Efficiencies and outcomes of depression treatment by a psychiatric pharmacist in a primary care clinic compared with treatment within a behavioral health clinic.

Richard Silvia, Michelle Plum, Robert Dufresne.   

Abstract

OBJECTIVE: This study compared the efficiency and increased access to care by a psychiatric pharmacist (PP) incorporated into primary care versus behavioral health clinic (BHC) prescribers for depression treatment.
SETTING: The pharmacist's practice was based in the primary care clinics of an urban Federally Qualified Community Health Center (FQCHC). PRACTICE DESCRIPTION: PP entered into a supervised collaborative practice agreement at the FQCHC. Primary care providers referred patients to PP for depression treatment. PRACTICE INNOVATION: PPs have been utilized as psychiatric providers within psychiatric settings, but not in primary care. Integrating a PP within primary care can assist patients in obtaining more rapid, individualized mental health treatment. EVALUATION: Investigators retrospectively screened the records of adults treated at a FQCHC with a primary diagnosis of depression referred for antidepressant management to (1) the PP over a 2 year period (study group [SG]), versus (2) the FQCHC's BHC over the year preceding the PP's arrival (control group [CG]). Both groups were compared using serial PHQ-9 data and wait time until initial evaluation. Pharmacist's patients treated during a 2-month period also completed a satisfaction survey.

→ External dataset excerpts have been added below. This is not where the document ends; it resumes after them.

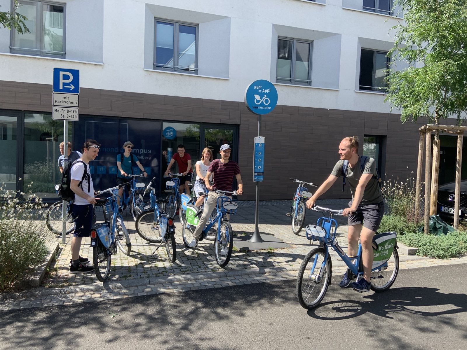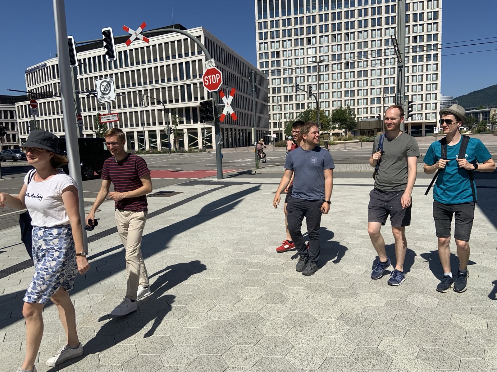 Durch die mittlerweile bahnüblichen Verspätungen begann die Stadterkundung erst um 14 Uhr am Heidelberger Umweltzentrum „ZUM“. Vorher konnten sich die Teilnehmenden in einer Vorstellungsrunde kennenlernen, während die letzten Teilnehmer noch antrudelten. Von dort führte die Route zunächst zum Fahrradparkhaus, weiter in die preisgekrönte Bahnstadt und entlang der Kurfürstenanlage bis zum umgestalteten Patrick-Henry-Village. Unterwegs besichtigte die Gruppe das Parklet in Neuenheim und legte einen Halt in einem Unverpacktladen ein. Den Abschluss bildete eine kleine Stadtführung durch die Heidelberger Altstadt mit Blick von der Alten Brücke. Gegen 18 Uhr endete das offizielle Programm, bevor der Tag bei einem geselligen Beisammensein im Umweltzentrum ausklang.
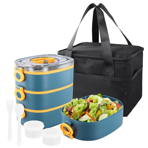 3 en 1 Bento Lunch Box 2800ml, Assiette Compartiment Adulte Empilables avec Lunch Bag Couverts Partition, Boite Repas Micro-Ondable Anti-Fuite Sans BPA, Boîte à Goûter Enfant Travail Ecole (Bleu)
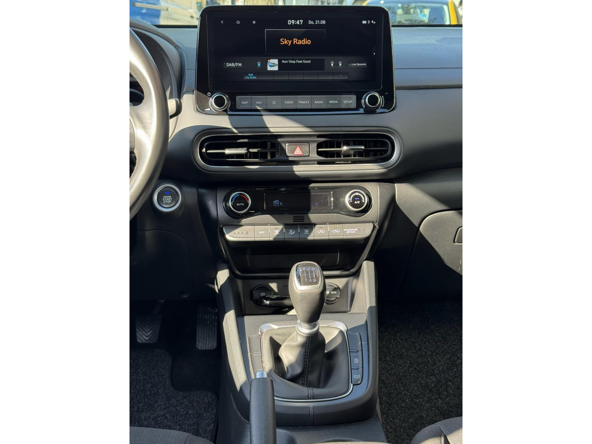 De Kona wordt aangedreven door een 1.0 T-GDI driecilinder benzinemotor (120 PK, 998 cc) met elektrische ondersteuning van 8 kW (11 PK). In combinatie met de handgeschakelde zesversnellingsbak levert dit soepele prestaties: een topsnelheid van 180 km/u en een acceleratie van 0–100 km/u in 11,9 seconden. Tegelijkertijd rijdt u efficiënt, met het voordeel van hybride ondersteuning.
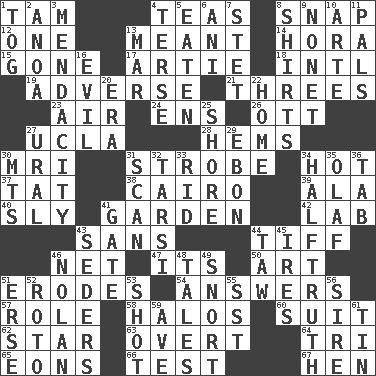 ACROSS 1. Scottish cap 4. Afternoon social gatherings 8. Fastener 12. Single 13. Intended 14. Israeli folk dance 15. Went 17. Nick name for Arthur 18. International (abbr.) 19. Contrary to your interests or welfare 21. Trios 23. Atmosphere 24. Followers of ems 26. Baseball player Mel 27. Southern CA. univ. 28. Cloth borders 30. Medical imaging device (abbr.) 31. Disco prop 34. Being at a high temperature 37. Make lace 38. Capital of Egypt 39. According to 40. Wily 41. Place where plants grow 42. Experiment locale 43. Without 44. Small quarrel 46. Fish or hair follower 47. ___ a Wonderful Life 50. Nonscientific branch of learning 51. Eats (away) 54. Replies 57. Hero or heavy, e.g. 58. Rings 60. Costume for a special activity 62. Play the lead 63. Unconcealed 64. Three (prefix) 65. Immeasurably long periods of time 66. Trial 67. Layer DOWN 1. Coat; cloak 2. Small Philippine buffalo 3. Ananias' fault 4. Laconic 5. Eroded 6. Black tropical American cuckoo 7. Proofreading order 8. Upper-body garments 9. Music written for nine 10. Johnson of "Laugh-In" 11. Friends 13. Spoil 16. Morally bad or wrong 20. Epoch 22. Dwelling 25. Dinah or Pauly 27. Mountain range 29. Inky black, to poets 30. Mountains (abbr.) 31. Examine hastily 32. Tarsus (plural) 33. To free from 34. Not exactly gospel 35. Norwegian king 36. Bar bill 41. Yard entry 43. Spring feasts 44. The 23rd letter of the Hebrew alphabet 45. Angers 46. Pitcher Ryan 48. Stories 49. Derisive sound 51. Celtic language 52. Printing process, for short 53. Guess 55. Fast jet (abbr.) 56. Beget 59. "___ Maria" 61. Shallow baking pan

RESULTS: The SG and CG included 107 and 34 patients respectively. Average PHQ-9 scores decreased from 17.9 ± 6.51 at baseline to 14.7 ± 7.0 at follow-up #1 in the SG (P < 0.001), whereas there were minimal PHQ-9 data in CG. Time from treatment referral to initial medication evaluation averaged 31.3 days in the SG and 104.5 days in the CG (P < 0.001). The 39 SG patients demonstrated high satisfaction, with a mean of 26.8 out of 28 points.

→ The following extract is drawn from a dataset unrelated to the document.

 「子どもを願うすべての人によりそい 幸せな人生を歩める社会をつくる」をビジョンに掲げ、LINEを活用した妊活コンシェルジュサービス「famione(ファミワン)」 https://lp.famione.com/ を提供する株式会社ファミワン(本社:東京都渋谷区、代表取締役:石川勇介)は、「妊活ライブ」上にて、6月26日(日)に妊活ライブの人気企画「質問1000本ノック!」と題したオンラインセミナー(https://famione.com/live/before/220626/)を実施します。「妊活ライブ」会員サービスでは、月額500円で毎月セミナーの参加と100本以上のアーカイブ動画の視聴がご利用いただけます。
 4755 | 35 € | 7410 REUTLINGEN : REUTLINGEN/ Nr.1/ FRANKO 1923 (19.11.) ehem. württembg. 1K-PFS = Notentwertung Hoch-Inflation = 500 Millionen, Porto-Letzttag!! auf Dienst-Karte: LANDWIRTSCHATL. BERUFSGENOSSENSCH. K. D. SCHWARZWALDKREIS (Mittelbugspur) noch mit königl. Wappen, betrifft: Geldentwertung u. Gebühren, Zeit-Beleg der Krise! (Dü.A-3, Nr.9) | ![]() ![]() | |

CONCLUSION: PP incorporation into primary care produced positive outcomes and improved depression treatment access. Patients maintained reduced PHQ-9 scores and were seen in one-third the time versus those seen in the BHC. PP utilization in primary care is viable for treating depression.
Copyright © 2020 American Pharmacists Association®. Published by Elsevier Inc. All rights reserved.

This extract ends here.